__Assignment__
Repeat the entries that follow verbatim, without any of their pictures.

··· Data records

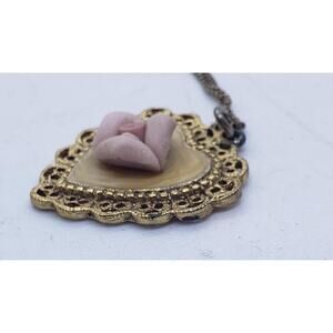 Vintage Heart Necklace Pink Porcelain Rose Gold Plated Filigree Artisan Handmade
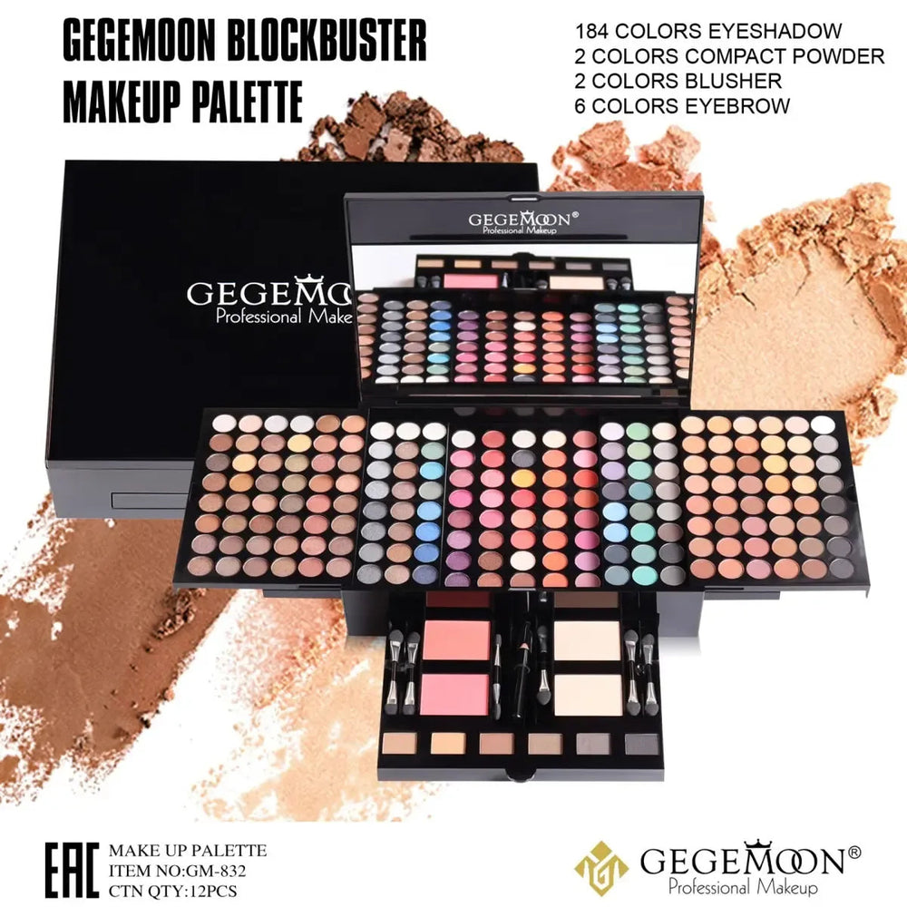 The GEGEMOON Blockbuster Makeup Palette is the ultimate all-in-one solution for beauty lovers, professional makeup artists, and anyone who enjoys experimenting with bold, vibrant, or natural looks. Designed to deliver maximum versatility and premium quality, this makeup kit combines an extensive range of 184 highly pigmented eyeshadow colors, 2 compact powders, 2 blush shades, and 6 eyebrow colors—all neatly packaged in a portable and stylish palette.
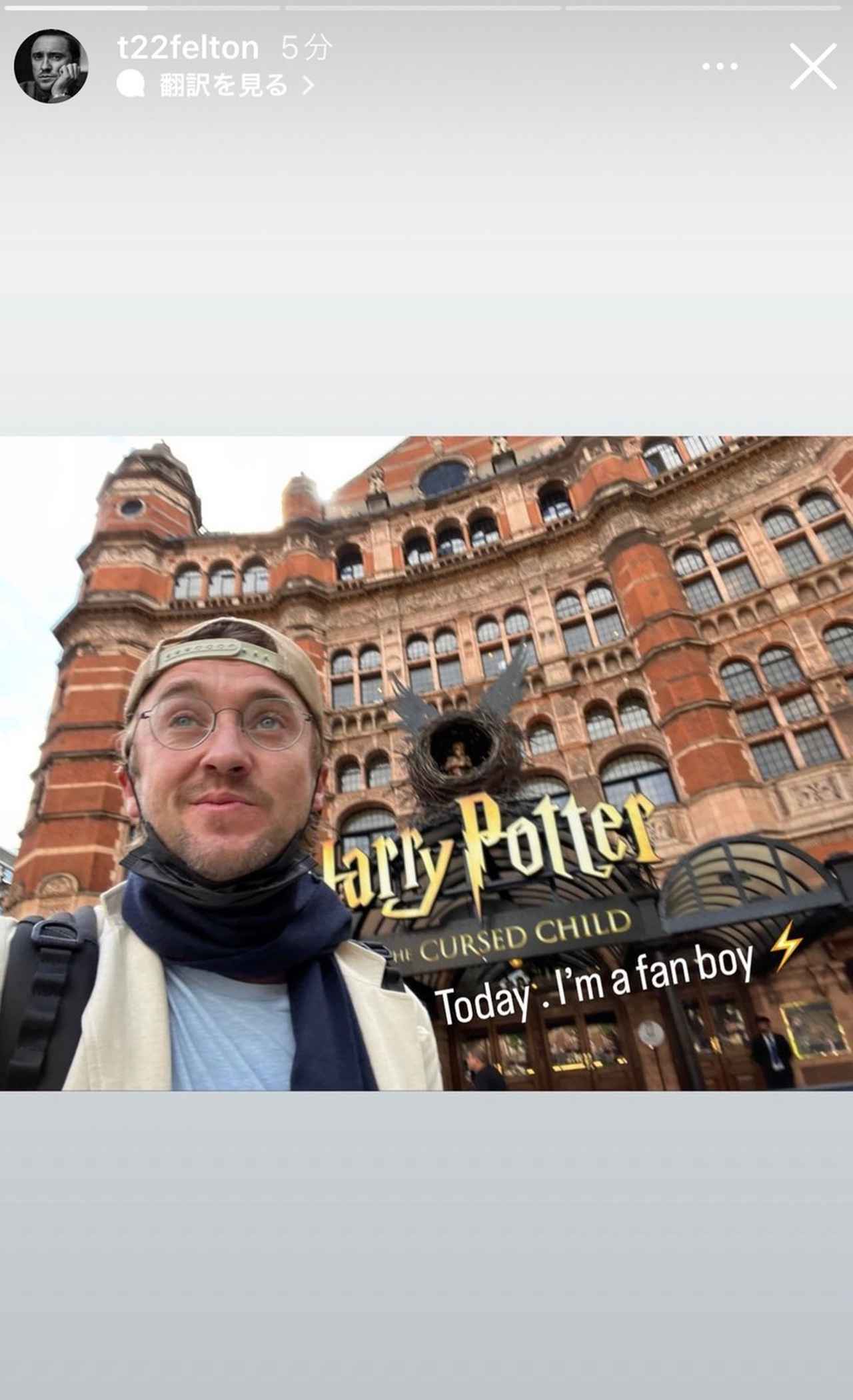 2021年に公開から20周年を迎えた大人気シリーズ『ハリー・ポッター』でドラコ・マルフォイを演じて世界的にブレイクしたトム・フェルトンが先日、舞台『ハリー・ポッターと呪いの子』が上演されているロンドンのパレス・シアターを訪れたことをインスタグラムでファンに報告した。
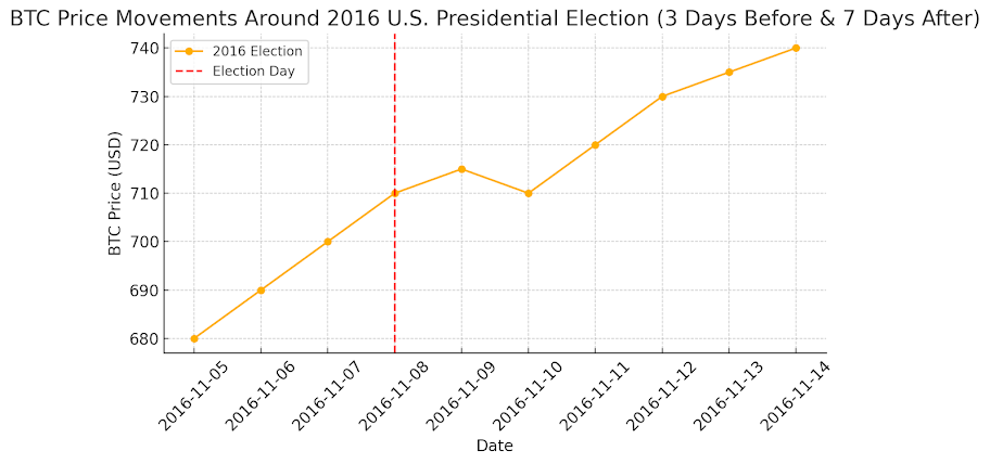 - 選挙後の動き:選挙日を過ぎてから価格が急上昇し、約1週間後には15,400ドルまで達しました。
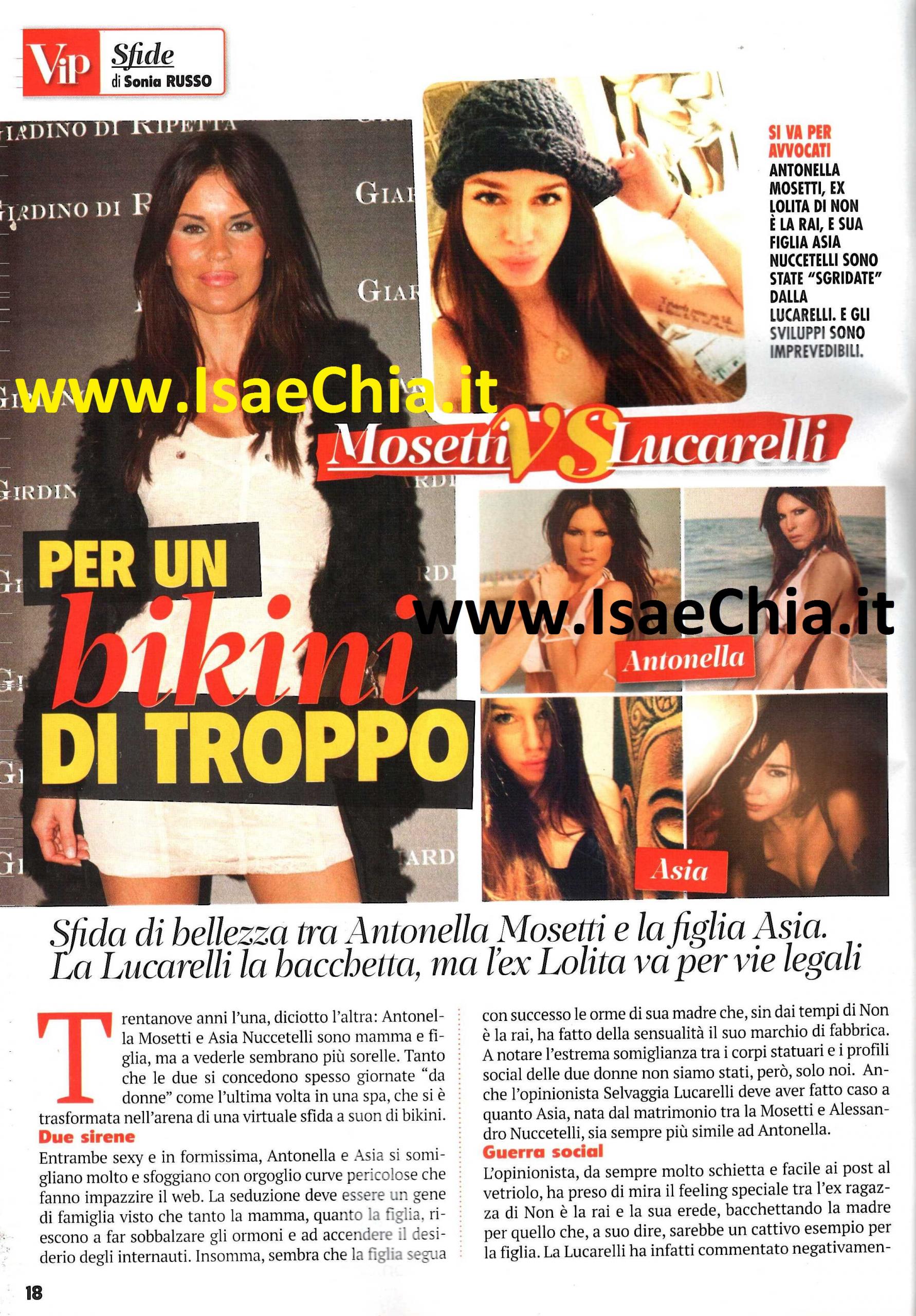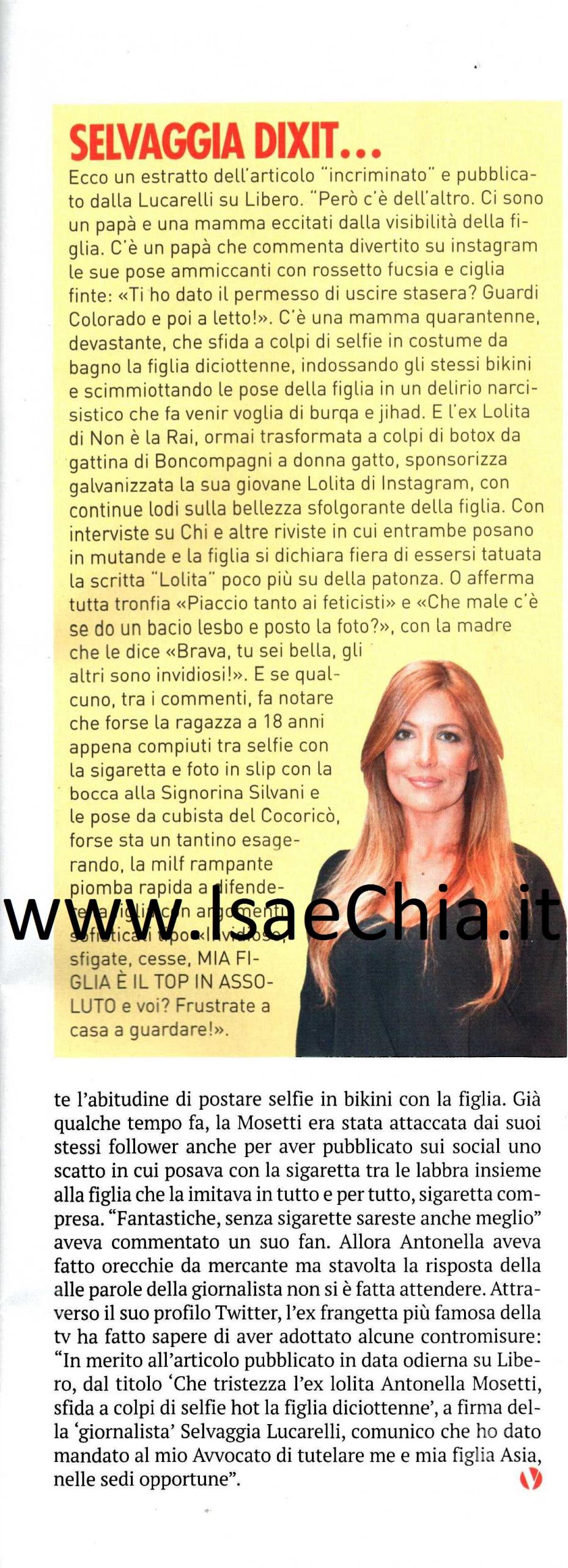 Solo ieri abbiamo visto la polemica che ha coinvolto la blogger Selvaggia Lucarelli e il politico Giuseppe Grasselli sui social network (clicca QUI per vedere l’articolo). Ma l’opinionista non è certo nuova a questo tipo di cose, anzi, si può dire che sia ormai il suo pane quotidiano. Solo pochi giorni prima, infatti, una discussione con la showgirl Antonella Mosetti l’aveva riguardata da vicino. La 39enne ex protagonista di Non è la rai, infatti, ha una figlia 18enne, Asia, avuta dall’imprenditore Alex Nuccetelli, che in quanto a sensualità ha ereditato appieno il corredo genetico della mamma. E deve essersene ben accorta la Lucarelli, che ha preso di mira il feeling speciale tra mamma e figlia (più volte dichiarato anche da loro stesse, come in QUESTO articolo) e ha commentato negativamente l’abitudine delle due di pubblicare selfie insieme. “Ci sono un papà e una mamma eccitati dalla visibilità della figlia. C’è un papà che commenta divertito su Instagram le sue pose ammiccanti con rossetto fucsia e ciglia finte: ‘Ti ho dato il permesso di uscire? Guardi Colorado e poi a letto!’. C’è una mamma quarantenne, devastante, che sfida a colpi di selfie in costume la figlia 18enne indossando gli stessi bikini e scimmiottando le pose della figlia in un delirio narcisistico che fa venir voglia di burqa e jihad. L’ex Lolita di Non è la Rai, ormai trasformata a colpi di botox da gattina di Gianni Boncompagni a donna gatto, sponsorizza galvanizzata la sua giovane Lolita su Instagram, con continue lodi sulla bellezza sfolgorante della figlia. Con interviste su Chi in cui entrambe posano in mutande e la figlia si dichiara fiera di essersi tatuata la scritta Lolita poco più su della patonza. O afferma ‘Piaccio ai feticisti’ o ‘Che male c’è se do un bacio lesbo e poi posto la foto?’ con la madre che le dice ‘Tu sei bella, gli altri sono invidiosi’. E se qualcuno tra i commenti le fa notare che a 18 anni, tra selfie con la sigaretta e con la bocca come la signorina Silvani e le pose da cubista del Cocoricò, forse sta un tantino esagerando, la milf rampante piomba rapida a difenderla con argomenti sofisticati tipo: ‘Invidiosi. Mia figlia è il top in assoluto. E voi? Sfigate a casa a guardare‘” sono state le parole usate da Selvaggia, riferendosi all’episodio in cui un fan che aveva commentato “Senza sigaretta sareste anche meglio” e la Mosetti aveva ribattuto. Quest’ultima, chiaramente, ha fatto già sapere di aver preso delle misure: “In merito all’articolo pubblicato oggi da Libero, a firma della ‘giornalista’ Selvaggia Lucarelli, comunico che ho già dato mandato al mio avvocato di tutelare me e mia figlia Asia nelle sedi opportune“. Pare, quindi, che non sia finita qui…

······

__Written response__
 Vintage Heart Necklace Pink Porcelain Rose Gold Plated Filigree Artisan Handmade
 The GEGEMOON Blockbuster Makeup Palette is the ultimate all-in-one solution for beauty lovers, professional makeup artists, and anyone who enjoys experimenting with bold, vibrant, or natural looks. Designed to deliver maximum versatility and premium quality, this makeup kit combines an extensive range of 184 highly pigmented eyeshadow colors, 2 compact powders, 2 blush shades, and 6 eyebrow colors—all neatly packaged in a portable and stylish palette.
 2021年に公開から20周年を迎えた大人気シリーズ『ハリー・ポッター』でドラコ・マルフォイを演じて世界的にブレイクしたトム・フェルトンが先日、舞台『ハリー・ポッターと呪いの子』が上演されているロンドンのパレス・シアターを訪れたことをインスタグラムでファンに報告した。
 - 選挙後の動き:選挙日を過ぎてから価格が急上昇し、約1週間後には15,400ドルまで達しました。
 Solo ieri abbiamo visto la polemica che ha coinvolto la blogger Selvaggia Lucarelli e il politico Giuseppe Grasselli sui social network (clicca QUI per vedere l’articolo). Ma l’opinionista non è certo nuova a questo tipo di cose, anzi, si può dire che sia ormai il suo pane quotidiano. Solo pochi giorni prima, infatti, una discussione con la showgirl Antonella Mosetti l’aveva riguardata da vicino. La 39enne ex protagonista di Non è la rai, infatti, ha una figlia 18enne, Asia, avuta dall’imprenditore Alex Nuccetelli, che in quanto a sensualità ha ereditato appieno il corredo genetico della mamma. E deve essersene ben accorta la Lucarelli, che ha preso di mira il feeling speciale tra mamma e figlia (più volte dichiarato anche da loro stesse, come in QUESTO articolo) e ha commentato negativamente l’abitudine delle due di pubblicare selfie insieme. “Ci sono un papà e una mamma eccitati dalla visibilità della figlia. C’è un papà che commenta divertito su Instagram le sue pose ammiccanti con rossetto fucsia e ciglia finte: ‘Ti ho dato il permesso di uscire? Guardi Colorado e poi a letto!’. C’è una mamma quarantenne, devastante, che sfida a colpi di selfie in costume la figlia 18enne indossando gli stessi bikini e scimmiottando le pose della figlia in un delirio narcisistico che fa venir voglia di burqa e jihad. L’ex Lolita di Non è la Rai, ormai trasformata a colpi di botox da gattina di Gianni Boncompagni a donna gatto, sponsorizza galvanizzata la sua giovane Lolita su Instagram, con continue lodi sulla bellezza sfolgorante della figlia. Con interviste su Chi in cui entrambe posano in mutande e la figlia si dichiara fiera di essersi tatuata la scritta Lolita poco più su della patonza. O afferma ‘Piaccio ai feticisti’ o ‘Che male c’è se do un bacio lesbo e poi posto la foto?’ con la madre che le dice ‘Tu sei bella, gli altri sono invidiosi’. E se qualcuno tra i commenti le fa notare che a 18 anni, tra selfie con la sigaretta e con la bocca come la signorina Silvani e le pose da cubista del Cocoricò, forse sta un tantino esagerando, la milf rampante piomba rapida a difenderla con argomenti sofisticati tipo: ‘Invidiosi. Mia figlia è il top in assoluto. E voi? Sfigate a casa a guardare‘” sono state le parole usate da Selvaggia, riferendosi all’episodio in cui un fan che aveva commentato “Senza sigaretta sareste anche meglio” e la Mosetti aveva ribattuto. Quest’ultima, chiaramente, ha fatto già sapere di aver preso delle misure: “In merito all’articolo pubblicato oggi da Libero, a firma della ‘giornalista’ Selvaggia Lucarelli, comunico che ho già dato mandato al mio avvocato di tutelare me e mia figlia Asia nelle sedi opportune“. Pare, quindi, che non sia finita qui…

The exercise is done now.